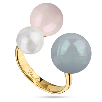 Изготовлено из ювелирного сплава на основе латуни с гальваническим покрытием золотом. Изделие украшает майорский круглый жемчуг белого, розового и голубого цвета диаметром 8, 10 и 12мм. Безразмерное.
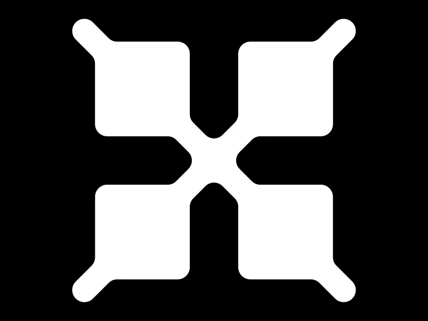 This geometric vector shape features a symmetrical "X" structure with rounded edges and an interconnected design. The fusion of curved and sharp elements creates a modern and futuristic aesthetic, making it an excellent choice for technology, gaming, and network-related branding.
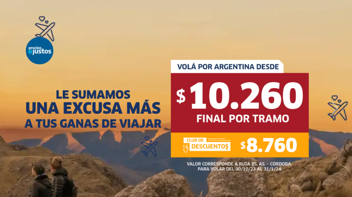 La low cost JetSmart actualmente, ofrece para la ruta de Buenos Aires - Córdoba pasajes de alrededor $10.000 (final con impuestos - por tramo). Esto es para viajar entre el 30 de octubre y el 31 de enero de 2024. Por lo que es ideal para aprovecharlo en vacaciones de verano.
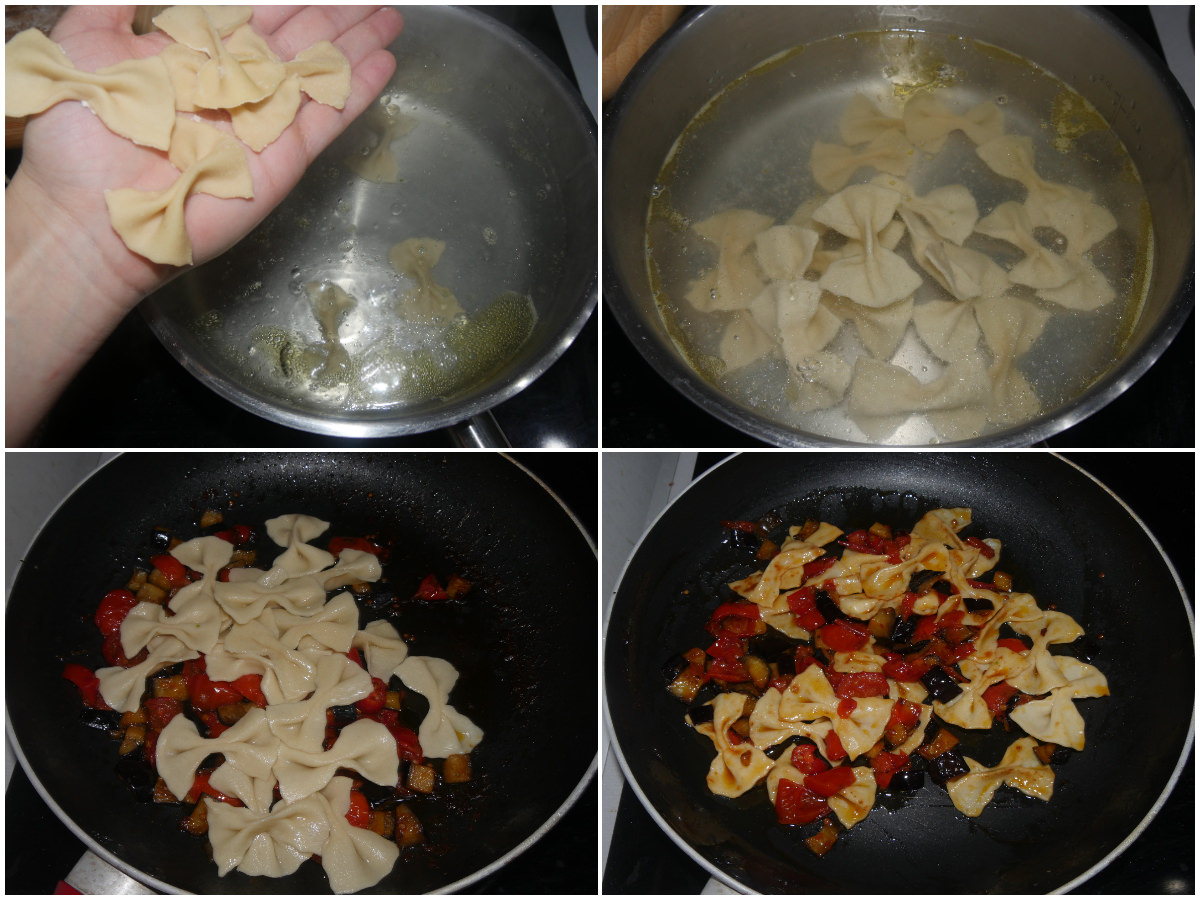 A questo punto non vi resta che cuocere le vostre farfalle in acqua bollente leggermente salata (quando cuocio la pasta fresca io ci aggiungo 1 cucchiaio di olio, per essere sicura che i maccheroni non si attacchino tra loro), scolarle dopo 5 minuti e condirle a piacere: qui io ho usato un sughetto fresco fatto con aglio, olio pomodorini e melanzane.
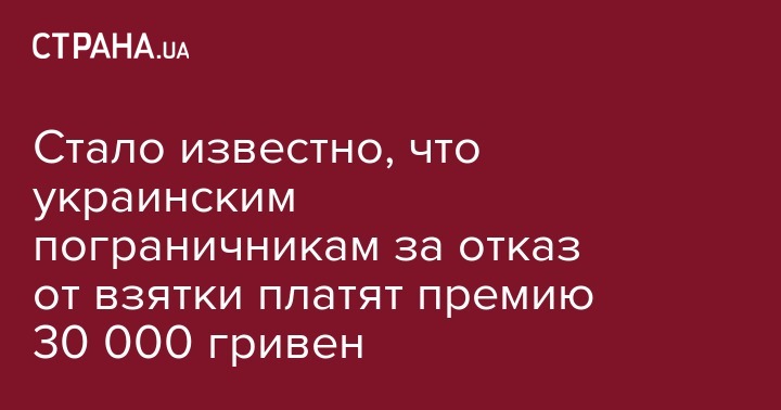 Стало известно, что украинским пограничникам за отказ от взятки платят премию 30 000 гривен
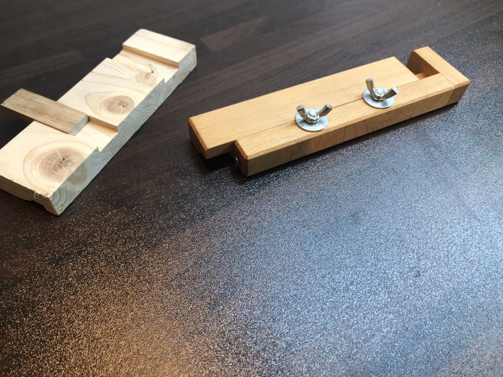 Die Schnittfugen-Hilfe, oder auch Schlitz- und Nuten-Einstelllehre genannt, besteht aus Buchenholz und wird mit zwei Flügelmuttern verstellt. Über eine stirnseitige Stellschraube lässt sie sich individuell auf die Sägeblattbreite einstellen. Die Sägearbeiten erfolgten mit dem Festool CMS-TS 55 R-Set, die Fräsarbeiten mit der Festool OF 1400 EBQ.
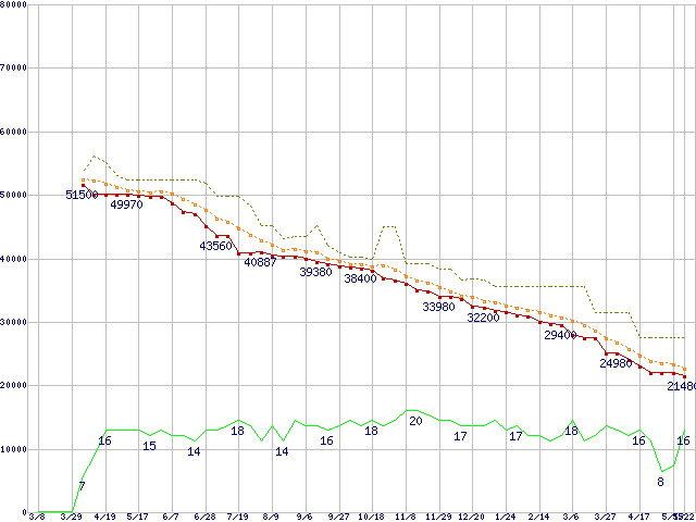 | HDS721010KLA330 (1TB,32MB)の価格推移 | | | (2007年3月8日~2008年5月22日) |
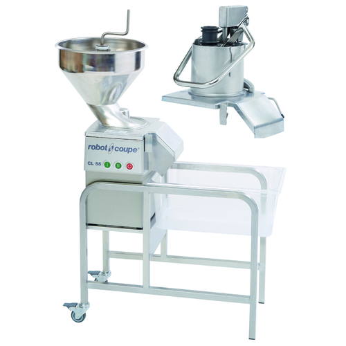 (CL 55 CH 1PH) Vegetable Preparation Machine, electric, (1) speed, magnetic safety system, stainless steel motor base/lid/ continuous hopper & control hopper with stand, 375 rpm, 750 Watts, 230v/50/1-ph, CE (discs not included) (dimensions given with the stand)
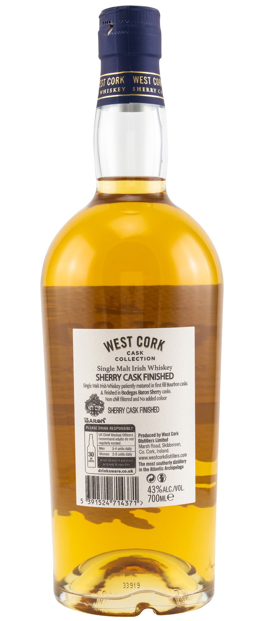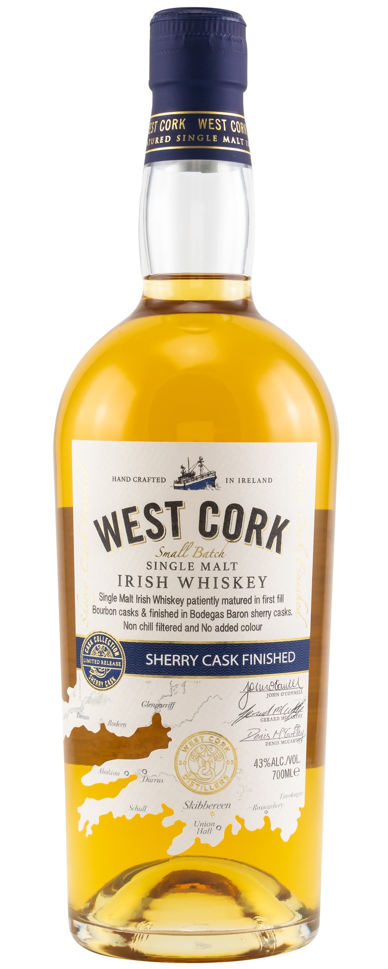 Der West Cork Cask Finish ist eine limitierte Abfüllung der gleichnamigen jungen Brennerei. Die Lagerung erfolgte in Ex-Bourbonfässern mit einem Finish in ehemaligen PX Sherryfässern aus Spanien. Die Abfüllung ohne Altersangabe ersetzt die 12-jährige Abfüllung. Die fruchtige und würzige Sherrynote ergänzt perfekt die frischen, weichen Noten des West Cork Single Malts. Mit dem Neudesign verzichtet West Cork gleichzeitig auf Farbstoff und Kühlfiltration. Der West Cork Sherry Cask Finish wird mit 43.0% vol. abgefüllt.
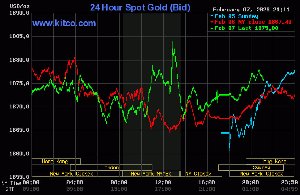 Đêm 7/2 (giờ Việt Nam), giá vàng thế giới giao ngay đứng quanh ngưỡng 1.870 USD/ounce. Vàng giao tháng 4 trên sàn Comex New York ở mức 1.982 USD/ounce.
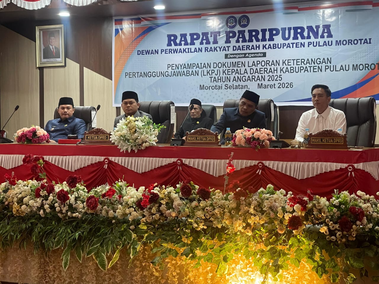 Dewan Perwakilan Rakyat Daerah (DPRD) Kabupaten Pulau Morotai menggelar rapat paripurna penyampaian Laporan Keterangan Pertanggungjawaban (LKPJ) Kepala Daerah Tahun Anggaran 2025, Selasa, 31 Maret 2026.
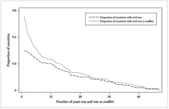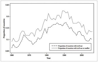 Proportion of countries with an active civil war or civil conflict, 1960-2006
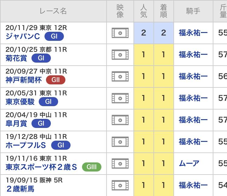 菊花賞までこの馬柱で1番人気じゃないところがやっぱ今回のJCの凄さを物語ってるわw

|---|

WORK REQUEST :: Hand back the data above exactly, with no images.

YOUR RESPONSE ::
 Изготовлено из ювелирного сплава на основе латуни с гальваническим покрытием золотом. Изделие украшает майорский круглый жемчуг белого, розового и голубого цвета диаметром 8, 10 и 12мм. Безразмерное.
 This geometric vector shape features a symmetrical "X" structure with rounded edges and an interconnected design. The fusion of curved and sharp elements creates a modern and futuristic aesthetic, making it an excellent choice for technology, gaming, and network-related branding.
 La low cost JetSmart actualmente, ofrece para la ruta de Buenos Aires - Córdoba pasajes de alrededor $10.000 (final con impuestos - por tramo). Esto es para viajar entre el 30 de octubre y el 31 de enero de 2024. Por lo que es ideal para aprovecharlo en vacaciones de verano.
 A questo punto non vi resta che cuocere le vostre farfalle in acqua bollente leggermente salata (quando cuocio la pasta fresca io ci aggiungo 1 cucchiaio di olio, per essere sicura che i maccheroni non si attacchino tra loro), scolarle dopo 5 minuti e condirle a piacere: qui io ho usato un sughetto fresco fatto con aglio, olio pomodorini e melanzane.
 Стало известно, что украинским пограничникам за отказ от взятки платят премию 30 000 гривен
 Die Schnittfugen-Hilfe, oder auch Schlitz- und Nuten-Einstelllehre genannt, besteht aus Buchenholz und wird mit zwei Flügelmuttern verstellt. Über eine stirnseitige Stellschraube lässt sie sich individuell auf die Sägeblattbreite einstellen. Die Sägearbeiten erfolgten mit dem Festool CMS-TS 55 R-Set, die Fräsarbeiten mit der Festool OF 1400 EBQ.
 | HDS721010KLA330 (1TB,32MB)の価格推移 | | | (2007年3月8日~2008年5月22日) |
 (CL 55 CH 1PH) Vegetable Preparation Machine, electric, (1) speed, magnetic safety system, stainless steel motor base/lid/ continuous hopper & control hopper with stand, 375 rpm, 750 Watts, 230v/50/1-ph, CE (discs not included) (dimensions given with the stand)
 Der West Cork Cask Finish ist eine limitierte Abfüllung der gleichnamigen jungen Brennerei. Die Lagerung erfolgte in Ex-Bourbonfässern mit einem Finish in ehemaligen PX Sherryfässern aus Spanien. Die Abfüllung ohne Altersangabe ersetzt die 12-jährige Abfüllung. Die fruchtige und würzige Sherrynote ergänzt perfekt die frischen, weichen Noten des West Cork Single Malts. Mit dem Neudesign verzichtet West Cork gleichzeitig auf Farbstoff und Kühlfiltration. Der West Cork Sherry Cask Finish wird mit 43.0% vol. abgefüllt.
 Đêm 7/2 (giờ Việt Nam), giá vàng thế giới giao ngay đứng quanh ngưỡng 1.870 USD/ounce. Vàng giao tháng 4 trên sàn Comex New York ở mức 1.982 USD/ounce.
 Dewan Perwakilan Rakyat Daerah (DPRD) Kabupaten Pulau Morotai menggelar rapat paripurna penyampaian Laporan Keterangan Pertanggungjawaban (LKPJ) Kepala Daerah Tahun Anggaran 2025, Selasa, 31 Maret 2026.
 Proportion of countries with an active civil war or civil conflict, 1960-2006
 菊花賞までこの馬柱で1番人気じゃないところがやっぱ今回のJCの凄さを物語ってるわw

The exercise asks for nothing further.